By DAVID HILL and LINDSEY MCPHERSON
WASHINGTON (Sept. 22, 2008)—Middle- and low-income Marylanders struggled even during the state's strong economic growth in recent years, and their situations are likely to worsen in the coming months, according to a study released Friday.
"The economy, as everyone knows, has deteriorated seriously," said Neil Bergsman, director of the Maryland Budget and Tax Policy Institute, which with the Progressive Maryland Education Fund produced the report.
In the past few months, the federal government has taken over mortgage brokers Fannie Mae and Freddie Mac and engineered bailouts of the investment firm Bear Stearns and insurance giant AIG. Despite the rescues, the stock market has continued the downhill slalom it began when the home mortgage market plunged.

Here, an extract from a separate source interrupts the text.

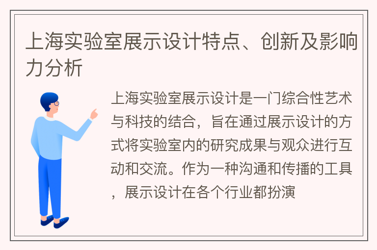 上海实验室展示设计是一门综合性艺术与科技的结合,旨在通过展示设计的方式将实验室内的研究成果与观众进行互动和交流。作为一种沟通和传播的工具,展示设计在各个行业都扮演......【点击详情】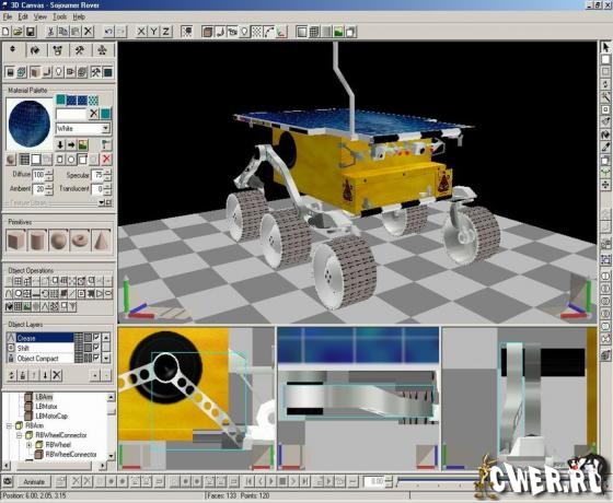 3D Canvas - популярная программа для 3D-моделирования и создания анимации в режиме реального времени. 3D Canvas использует технологию Drag&Drop, поэтому построение трехмерных моделей, в том числе очень сложных, не представялет особых затруднения даже для начинающих пользователей. Принцип создания анимации прост и нагляден: достаточно указать позицию объекта в каждый конкретный момент, и программа автоматически произведет сглаживание траекторий.

Sean Dobson, director of the Progressive Maryland Education Fund, said this year's findings are "sobering," but the next year's will be even more shocking.

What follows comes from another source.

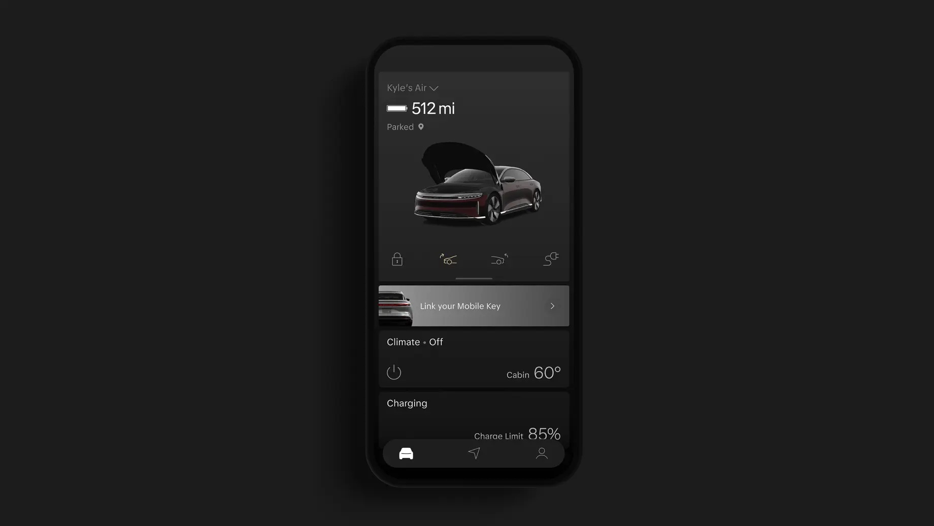 Open the Lucid mobile app and tap the Link your Mobile Key banner on the Home screen.

The report, which covered from 2001 through 2007, found great disparity among economic classes.
Maryland's median household income has increased to $68,080, which is the largest in the country. The increase was "driven mostly by income growth among the affluent and upper-middle class Marylanders," the report states. While income among the wealthy increased, the report shows the working class faced rising unemployment, poverty rates and health care costs.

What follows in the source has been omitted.